Data originate from a study on norovirus infection (https://www.ncbi.nlm.nih.gov/sra/?term=PRJEB10074)
Black 6 Mice +/- Atg5 (5 knockouts and 9 controls) - Macrophage cells
Sequencing – Ilumina HiSeq
- Single-end
- 50 bp reads
STAR
Tophat (Tuxedo suite)
HISAT
For this case study, we will use STAR
start AWS instance in terminal (or putty)
Project Directory - /home/genomics/workshop_materials/Transcriptomics
You will notice many other subdirectories in the Project directory
- Our raw sample fastq files are located in the Data directory
- Mapping results will output to STAR_Mapping
- Our Mouse genome (fasta and gtf) is located at MouseGenome_GRCm38
- Genome index is located at GenomeIndex2
- Counting results will go to HTSeq
- Differential Expression results will go to the DESeq2 directory
- You should make a directory, Figures, to place our pretty plots in later
Now lets Go to the Data directory
Type the following commands to download the correct raw data files.
$ wget https://www.dropbox.com/s/xe5zszwq849ym6h/Data.tar.gz
$ tar -zxvf Data.tar.gz
This will overwrite your Data folder. If you look in this Data directory, you will see the correct raw read files. You will also notice a file called mm_ref_GRCm38.p2_chr1.fa . This is the fasta file required for running IGV after mapping. Move this file to MouseGenome_GRCm38
Let’s recall some useful unix commands from earlier in the week. List the files in this directory. Now, Take a look at a few lines of “AACGCATT.fq”. How many reads are there in this file?

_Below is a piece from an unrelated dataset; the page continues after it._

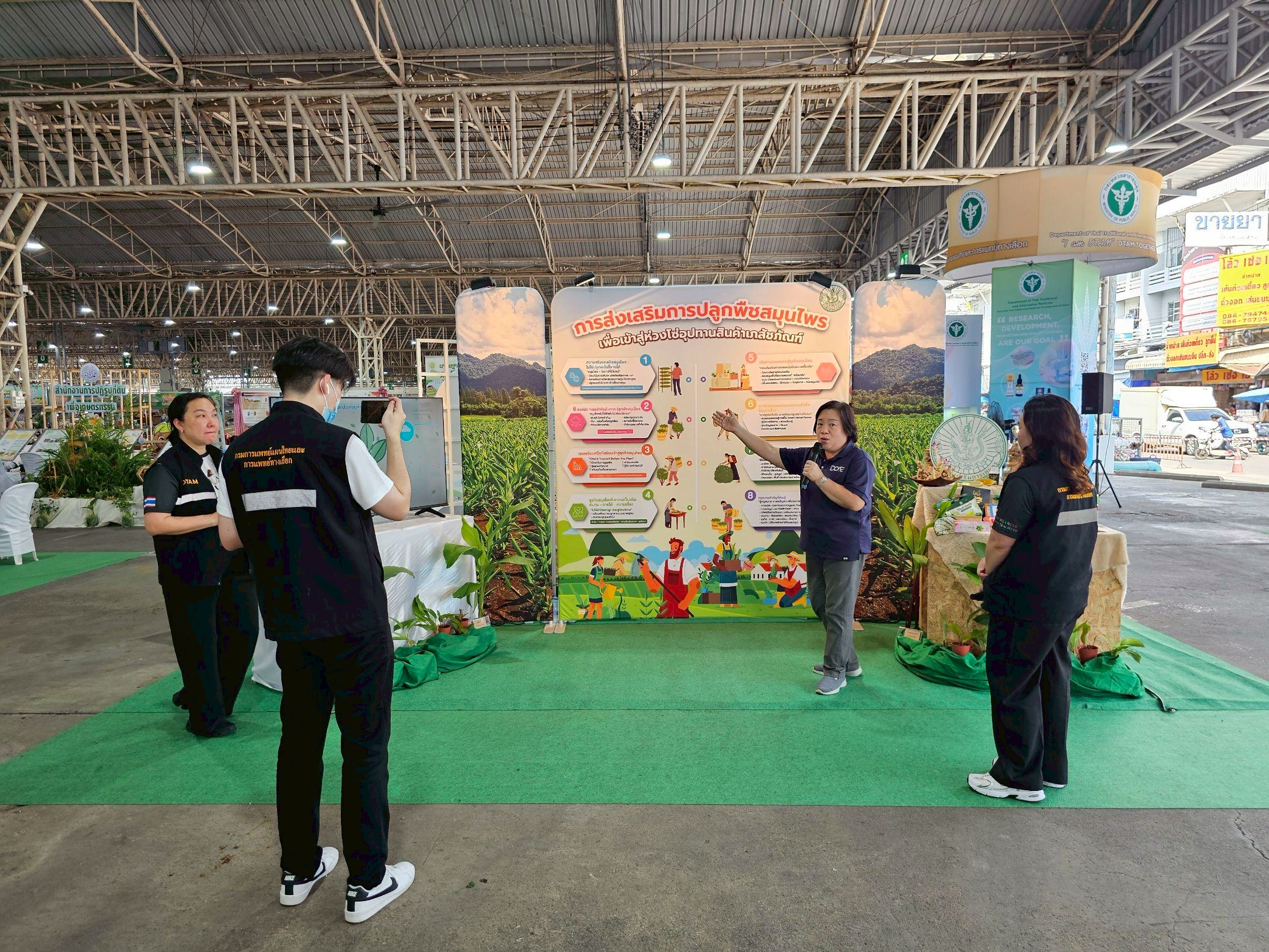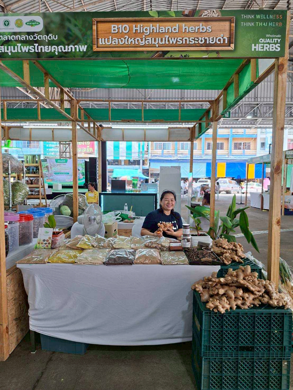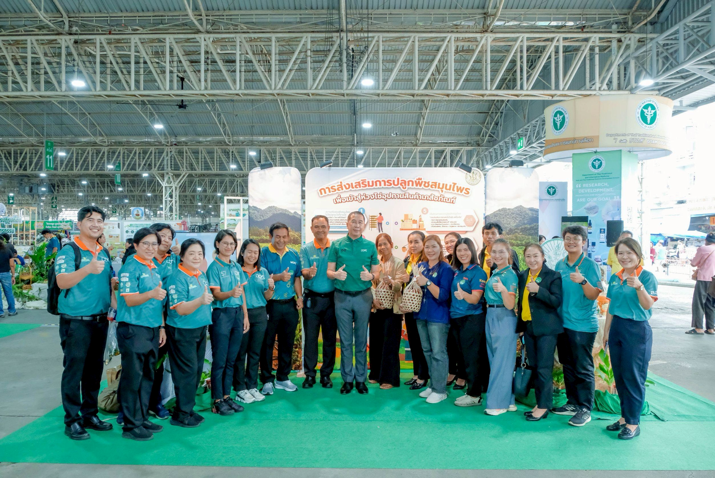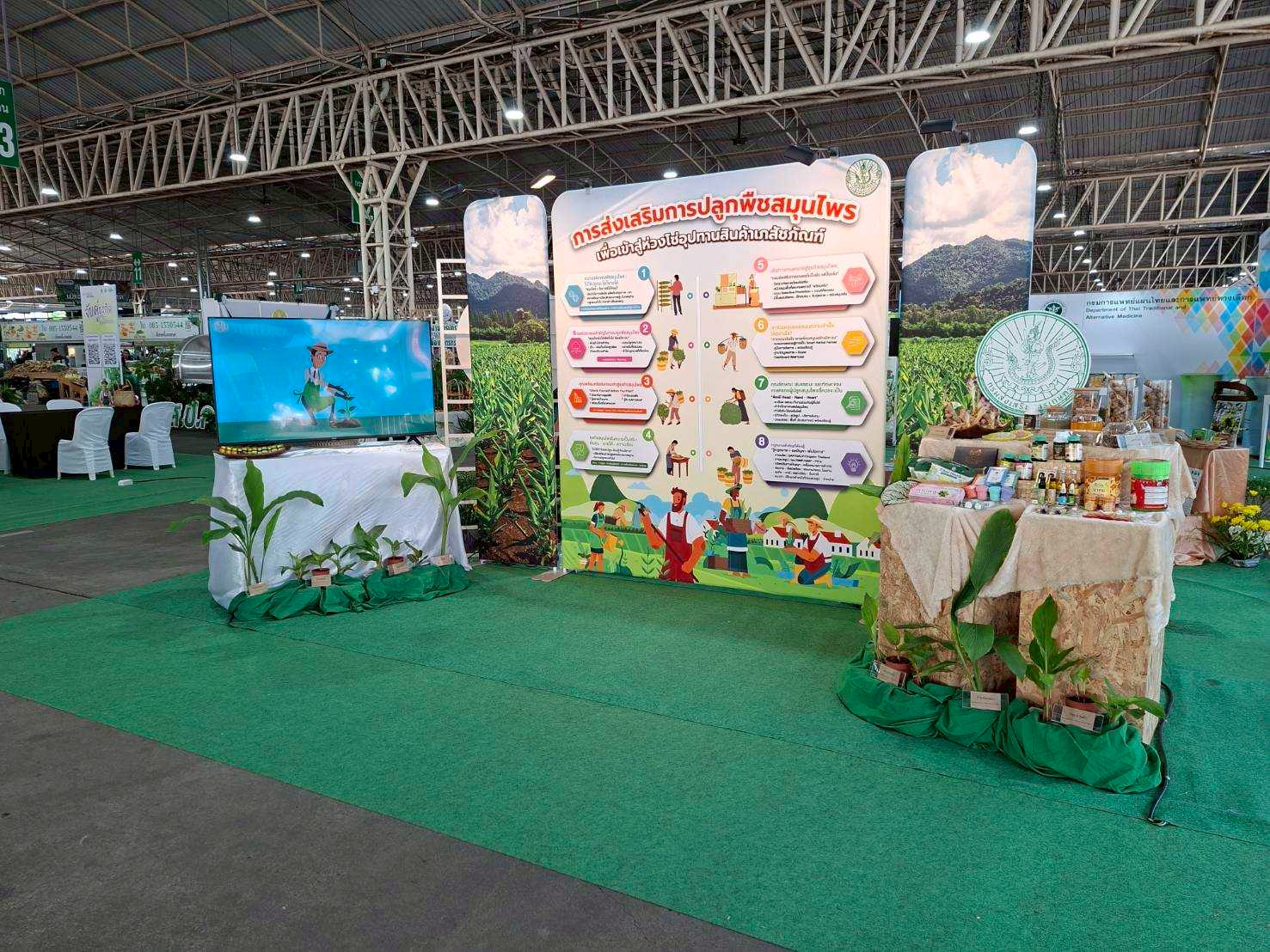 กลุ่มส่งเสริมพืชสมุนไพรและเครื่องเทศ ได้เข้าร่วมจัดนิทรรศการเพื่อประชาสัมพันธ์แนวทางการขับเคลื่อนการดำเนินงานส่งเสริมพืชสมุนไพรของกรมส่งเสริมการเกษตร เรื่อง การส่งเสริมการปลูกพืชสมุนไพรคุณภาพเพื่อเข้าสู่ห่วงโซ่อุปทานสินค้าเภสัชภัณฑ์ และนำกลุ่มเกษตรกรออกบูธจำหน่ายวัตถุดิบสมุนไพรในงาน Kick off ตลาดกลางวัตถุดิบสมุนไพร ณ ตลาดไท จังหวัดปทุมธานี ระหว่างวันที่ 6 – 10 มิถุนายน 2568 ซึ่งจัดพิธีเปิดงานเมื่อวันที่ 9 มิถุนายน 2568 โดยมี นายสมศักดิ์ เทพสุทิน รัฐมนตรีว่าการกระทรวงสาธารณสุข นายอิทธิ ศิริลัทธยากร รัฐมนตรีช่วยว่าการกระทรวงเกษตรและสหกรณ์ และนางสาววรามาศ ภัทรประสิทธิ์ ผู้อำนวยการใหญ่ บริษัท ไทย แอ็กโกร เอ็กซเชนจ์ จำกัด (ตลาดไท) ให้เกียรติเปิดงาน และเป็นสักขีพยานในพิธีลงนามบันทึกความเข้าใจ เรื่อง ตลาดกลางวัตถุดิบสมุนไพรคุณภาพ

Now let’s move up one directory back to our main project directory, Transcriptomics.
OPTIONS (more options available in the STAR manual)
--runThreadN NumberOfThreads
--genomeDir /path/to/genomeDir
--readFilesIn /path/to/read1 [/path/to/read2]
--readFilesCommand (uncompression command)*
--outFileNamePrefix
--outFilterMismatchNmax N (recommended 0.06*readLength)
--outSamtype (sorted or unsorted)
$ STAR --runThreadN 2 --outBAMsortingThreadN 2 \
--genomeDir <GENOME_INDEX_DIRECTORY> \
--readFilesIn <READS_DIR><file> \
--outFileNamePrefix <OUTPUT_DIR><prefix>. \
--outFilterMismatchNmax 3 \
--outReadsUnmapped Fastx \
--outSAMtype BAM SortedByCoordinate
Now run the STAR command with “AACGCATT.fq” as the input file and output it to the STAR_Mapping directory. ####Note: For each exercise, “prefix” will be replaced with “AACGCATT”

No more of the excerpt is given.